» The task: Go through the data below. List every line that holds the word "Yellow".

» Working data:
++++++++

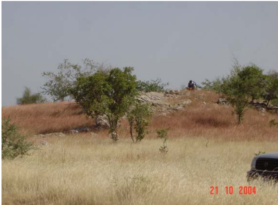
Looking at a quartzite outcrop from the eastern side of the Diaguli prospect N70^{\circ}E and a slope of 30^{\circ}W .
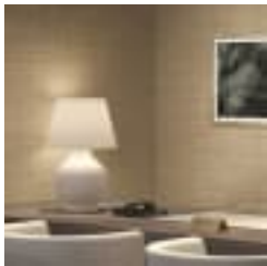
AZ53715 WHITE WILLOW
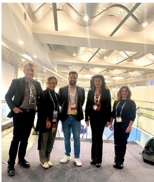
Fig. 1: The IOFOS President, IOFOS Treasurer and Editor of JFOS with other participants at the conference.

Apart from the professional and scientific components, the social part was also very interesting. In Denver (Fig. 2) – a city located 1,500m above sea level and with clean and rarefied air due to the nearby Rocky Mountains whose peaks reach up to 4,000m and are permanently covered in snow, it provided all participants with numerous beautiful locations and moments. A city where you can feel democracy and the smell of legalised marijuana is
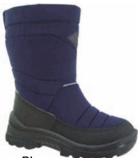
Blue 1203 01 Sizes: 20-39
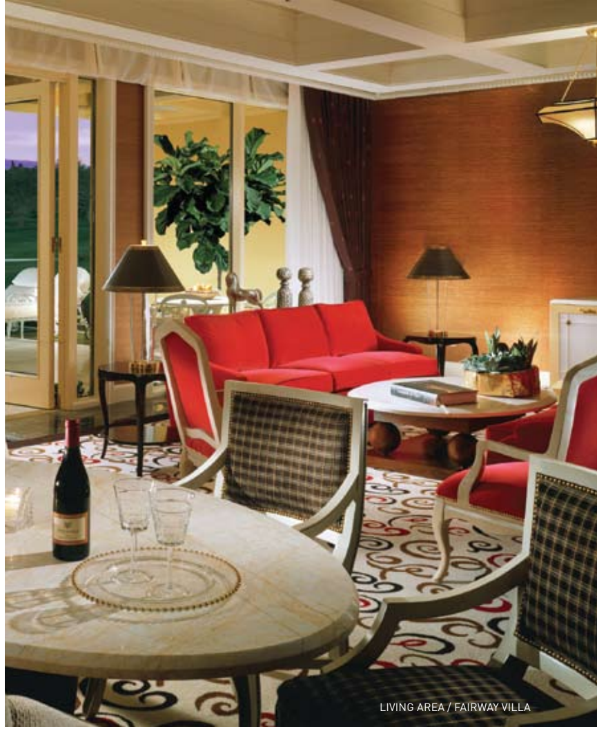
LIVING AREA / FAIRWAY VILLA
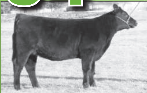
Shelby 901 - She sells as Lot 16.
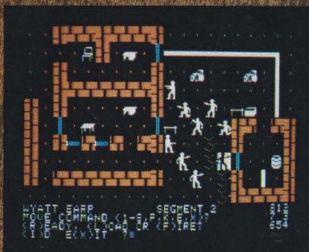
You can re-enact the infamous gunfight at the O.K. Corral...

SIX-GUN SHOOTOUT can be played by two players, or one against the computer.
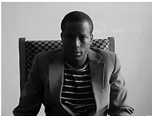
Sous-Préfet of Sinendé

Mayors and chefs de quartier: The inclusion of these elected local government officials brought them into the project as partners and mobilized them to participate in organizing quartier level town meetings. During the town meetings, the community conducted a participatory rapid appraisal (PRA), discussed health
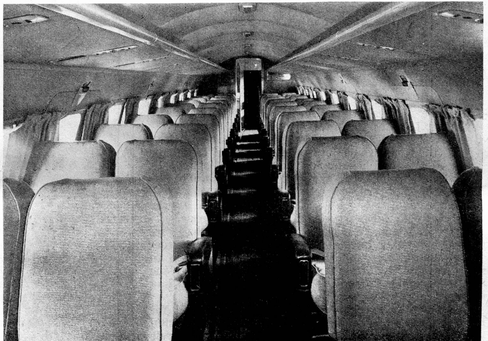
INTERIOR OF "CONVAIR"

The flight from Northolt to Geneva thus having taken exactly 1 hour and fifty minutes, or 20 minutes
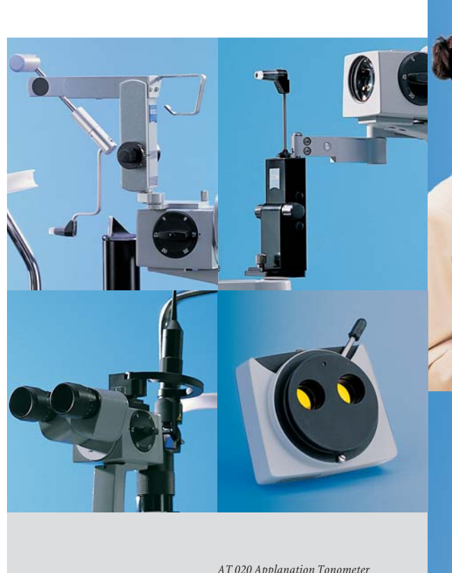
AT 020 Applanation Tonometer AT 030 Applanation Tonometer Laserlink Yellow filter

The extensive line of accessories for the SL 130 Slit Lamp includes devices for digital documentation, applanation tonometers, laser attachments, and a lot more besides.
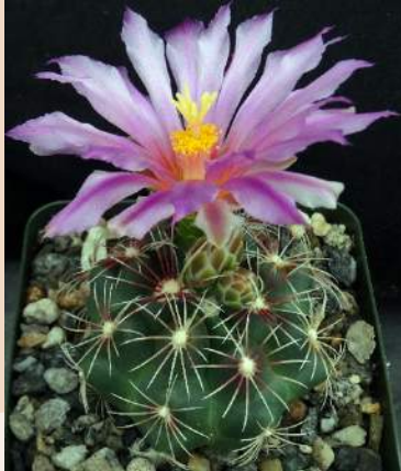
Dyckia 'Yellow Glow'
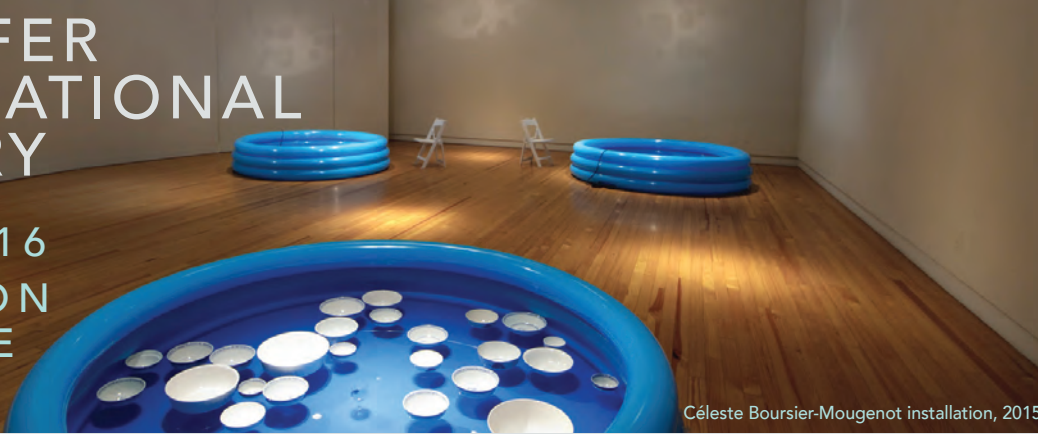
Céleste Boursier-Mougenot installation, 2015

August 2 - October 3 Opening Reception August 1
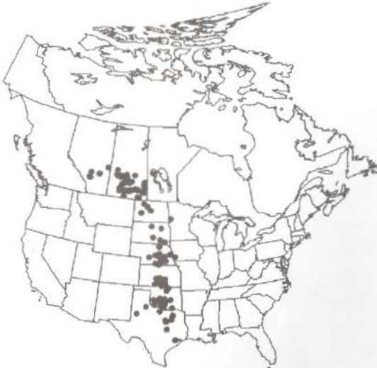
Figure 2. Saskatchewan American Crow recoveries outside the province of banding. Sites of banding and recovery are both shown.
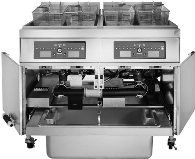
Model 2ER85CF Shown on casters (Accessory)
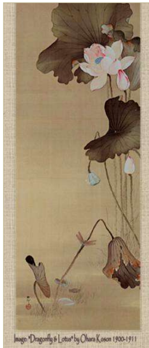
Image: "Dragonfly & Lotus" by Ohara Koson (1900-1911)

A MEMBERSHIP RENEWAL FORM is in this Newsletter. Send now, avoid penalties! Due May 31.

++++++++

» Reply:
AT 020 Applanation Tonometer AT 030 Applanation Tonometer Laserlink Yellow filter
Dyckia 'Yellow Glow'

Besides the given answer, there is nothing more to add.